Delta infections were detected based on WGS (whole genome sequencing) analysis or positive reports for the SARS-CoV-2 spike (S) gene in the target positive screening obtained before 24 January 2022 (n=72). Multivariable logistic regression modeling was used for the analysis. The TN design was applied to SARS-CoV-2 testing at laboratories of Canadian provinces, health administrative datasets, and COVID-19 vaccinations.
Results
The mean values for the age of cases and controls were 77 years and 66 years, respectively, and 57% of cases and 37% of controls were men. Among the study groups, the proportions of non-vaccinated individuals among cases and controls were 28% and five percent, respectively. Compared to the non-vaccinated, more COVID-19 vaccinees were women, had been administered influenza vaccinations, and resided in moderate- or high-income areas.

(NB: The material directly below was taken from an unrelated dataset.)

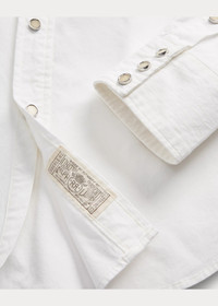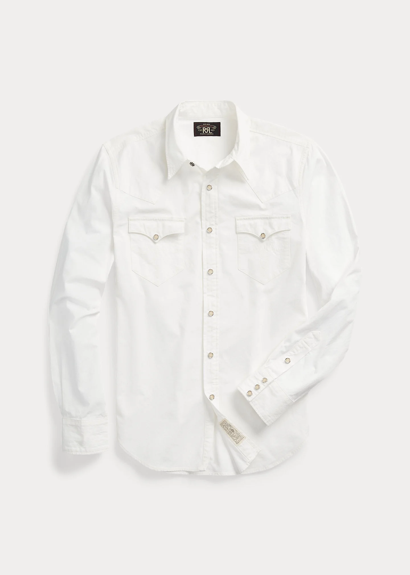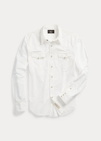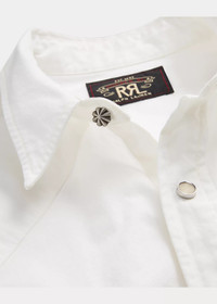 Slim-fitting Western shirt made with cotton poplin. Cloth features a dry, compact feel for a crisp texture. Metal button at the collar. Now available in extended XXS sizing. Sizes are based on Double RL men’s sizes. For customers who typically wear women’s apparel, we recommend ordering one size down from their usual size. DETAILS - Now available in extended XXS sizing. Sizes are based on Double RL men’s sizes. For customers who typically wear women’s apparel, we recommend ordering one size down from their usual size. - Western Fit: Double RL’s slimmest shirt silhouette. Cut trim through the body and the sleeves. - Size medium has a 30" back body length, a 17.75" shoulder, a 42.75" chest, and a 34.75" sleeve length. Sleeve length is taken from the center back of the neck and changes 1" between sizes. - Point collar with a metal button at the front. Snapped placket. Western-style front and back yoke. - Long sleeves with snapped barrel cuffs. - Two chest snapped pockets. - 100% cotton. - Machine washable. - Imported. Style Number: 648439

Among the vaccinees, more D2 vs. D3 or D4 were from low-income areas, and fewer had received influenza vaccinations. The sub-VOCs distributions were 50% and 50% for BA.1 and BA2, respectively, during BA.1 and BA.2 predominance and 10% and 90% for BA.4 and BA.5, respectively, during BA.4/BA.5 predominance.

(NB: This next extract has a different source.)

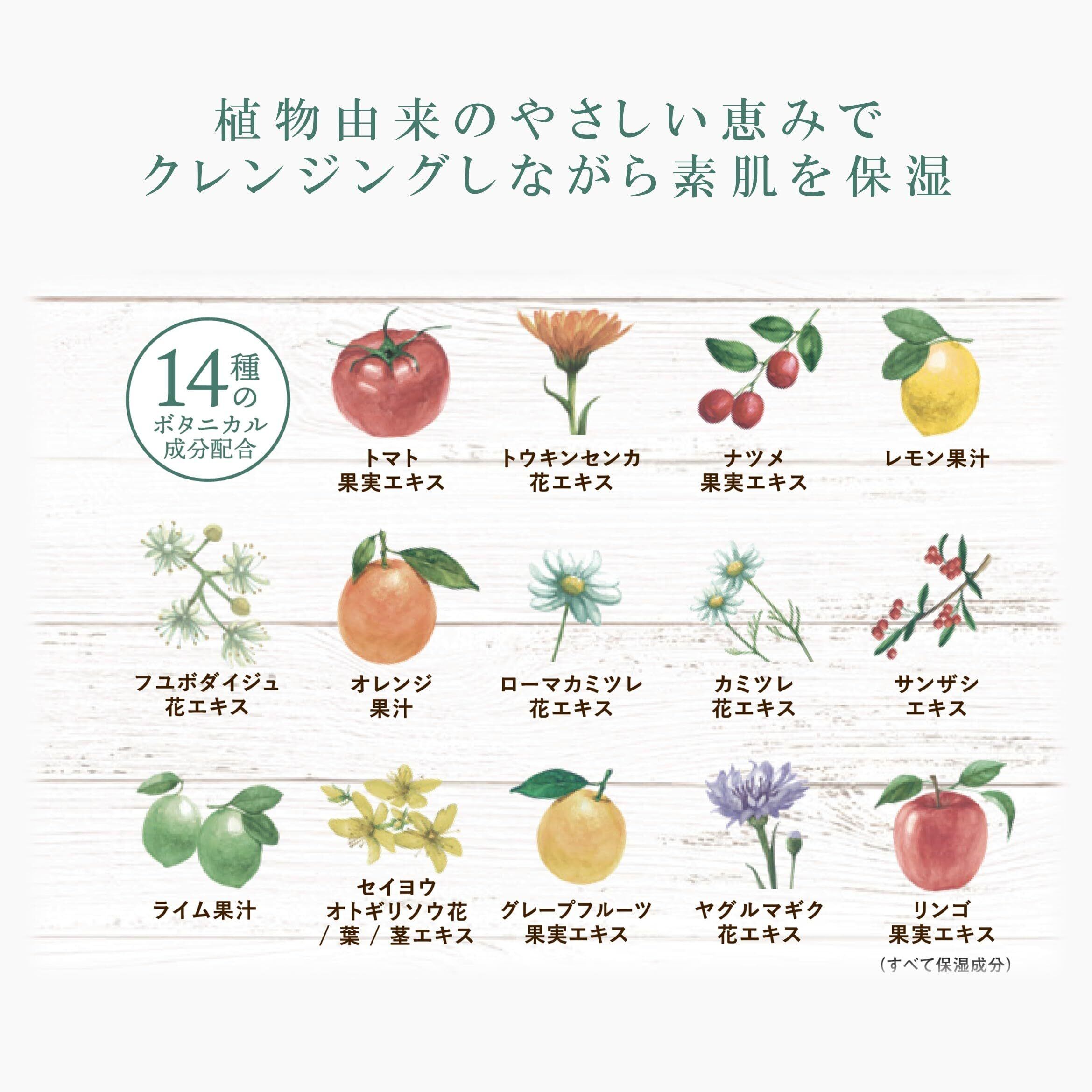 ボタニカルマルシェは、「肌質」「肌の悩み」「メイクの濃さ」など、ご自身のお肌の状態によってお選びいただけます。独自のバランスで配合したボタニカルエキスと美肌成分が、メイクや毛穴の汚れを洗い落としながら肌にうるおいを与え、精油をブレンドした自然な香りが心身を癒すように広がります。素肌へ。植物の恵みを。

A total of 11,160 and 62,880 individuals with Omicron infection-associated severity outcomes and TN symptomatic control individuals, respectively, were considered for the analysis. Compared to non-vaccinated individuals, the VE estimates ranged between 91% and 98% seven days to 59 days post-D3 but reduced to 76% to 87% after ≥8.0 months.

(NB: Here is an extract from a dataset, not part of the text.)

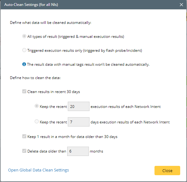 All Types of results (triggered & manual execution result): Indicates that the NI results both generated by triggering and manually executing can be cleaned up automatically.
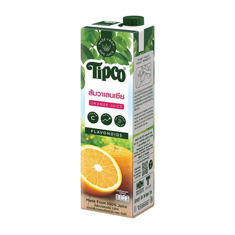TIPCO น้ำส้มวาเลนเซีย Valencia Orange juice 100% ขนาด 1000 มล.

Seven to 59 days post-D4, VE restored between 92% and 97% but reduced to 86% to 89% after ≥4.0 months. Consistent trends in marginal VE were observed. The VE estimates were lower during Omicron BA.4/5 predominance compared to those observed during Omicron BA.1 and BA.2 predominance based on a similar number of days elapsed since COVID-19 vaccination. Differences in the VE estimates may have been observed due to greater immune-evasiveness of Omicron BA.4 and Omicron BA.5.
Conclusions
Overall, the study findings showed that D3 or D4 boosters of mRNA SARS-CoV-2 vaccinations of the monovalent type initially reinstituted robust immunity against hospitalizations and deaths associated with Omicron infections among all community-residing (especially elder) individuals. However, VE reduced with time, indicative of immunity waning, especially during the BA.4/5-dominant period.
Even though the vaccination-induced immune protection persisted at high levels four months D4 irrespective of age, whether the waning of immunity increases beyond four months is uncertain. The finding, in conjunction with the lower VE estimates against Omicron BA.4/5 and the probability of even lower efficacy against the novel XXB and BQ.1.1 strains, underpins booster administrations.
In addition, non-pharmaceutical interventions (NPIs) such as face mask use, social distancing, improved ventilation, and indoor air filtration could aid in mitigating the impact of existing Omicron sub-VOCs and those that are yet to emerge. Given the paucity of data against Omicron BA.4/5, novel strains, and bivalent vaccine introduction, continued VE monitoring efforts are required. Further research must be conducted to evaluate VE estimates for all Omicron sub-VOCs individually and must incorporate rapid antigen test results.
*Important notice
medRxiv publishes preliminary scientific reports that are not peer-reviewed and, therefore, should not be regarded as conclusive, guide clinical practice/health-related behavior, or treated as established information.